Among the many questions that require some kind of discussion regarding the ongoing political reform consultation is the permanence of “functional constituencies” in Macao’s legislature in the name of tradition, stability and prosperity.
If tradition is to guide us, what kind of tradition are we talking about? Functional constituencies were designed by colonial administrations to coopt local elites and relay colonial authority in places where a foreign administration was always the minority in distant lands. In Hong Kong, functional constituencies started in the nineteenth century and were of diverse usage until the mid-1980s when they regain their final footing. In Macao, traces of these functional constituencies can be found in the 1920s, and a direct reference to them appears in the 1963 Portuguese Overseas Organic Law, and of course again in the “freer” Organic Statute of 1976. The rationale of a colonial administration is based on a top-down approach that has very little respect for modern political thinking. Basically, “functional constituencies” are both unfair and the harbinger of inequality: just like rich people had more political say in nineteenth century Europe, these sectorial interests in society enjoy an additional say in law making in Macao and Hong Kong to this very day, in fact twice as much in Macao than in Hong Kong, as only 1 out of 32 and 1 out of 15 citizens, respectively, vote for these constituencies in both SARs. Isn’t it time for colonial inspiration to finally end?

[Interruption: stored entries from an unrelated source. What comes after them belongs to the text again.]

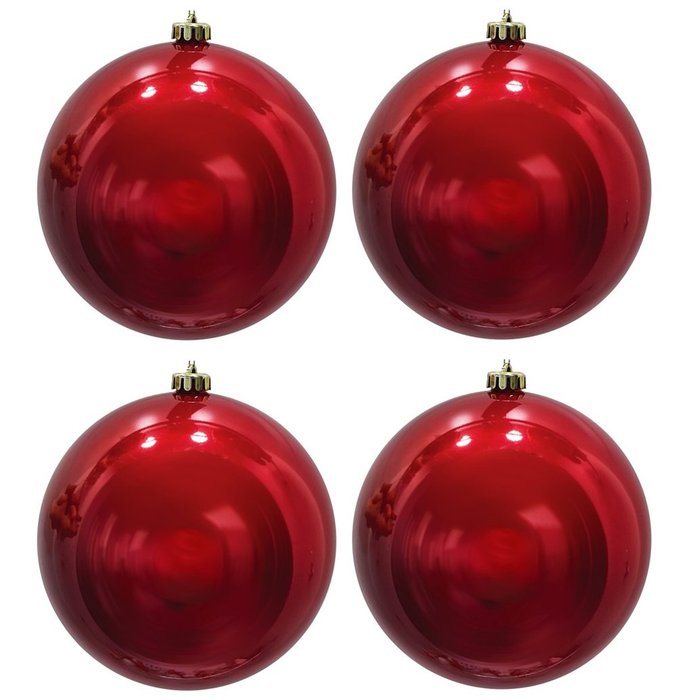 Conjunto de 4 bolas de natal vermelhas, tamanhos grandes (12cm de diâmetro).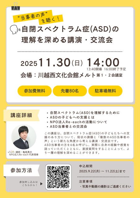自閉スペクトラム症(ASD)の理解を深める講演・交流会
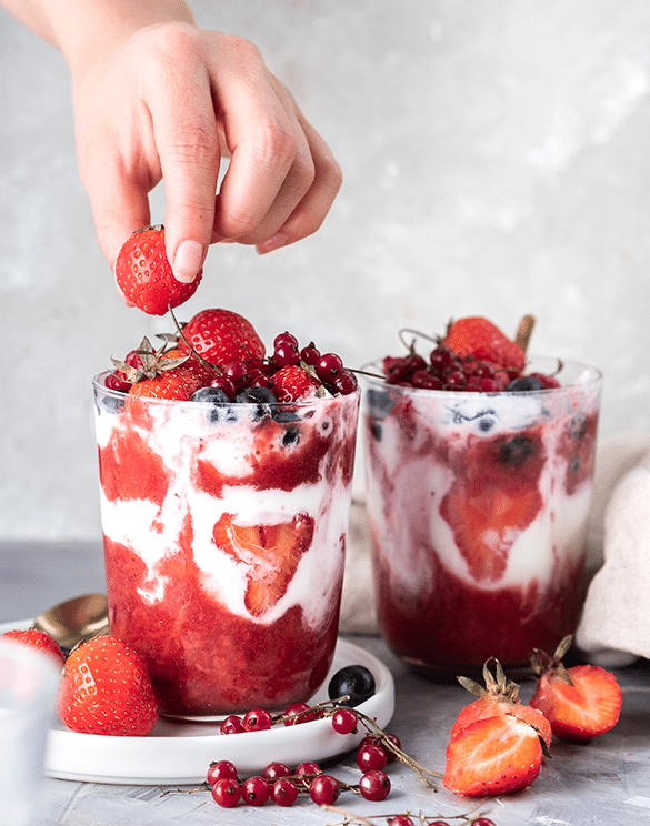 3. Fordel lagvis i et glass. Topp med jordbær og andre bær.

And then come the consideration for sophistication and efficiency. How can one justify the longevity of just four functional constituencies for 10 seats out of 29 returned by less than 8,000 people? In Hong Kong, there are 30 such constituencies and 226,000 people get to vote: are four functional constituencies really mirroring contemporary Macao? And then, as far as efficiency is concerned, legislators returned by functional constituencies are reported every year as being the least present in the legislature’s working sessions and the least engaging with the government. What about good governance then? Functional constituencies legislators champion the issue of conflict of interests, as they are judge and party, lobby representatives made legislators and thus protect the interests of their sector first and foremost. Prosperity for whose benefit?
If one had to find a messenger to blame for political corruption, forget about universal suffrage: functional constituencies are your perfect culprits!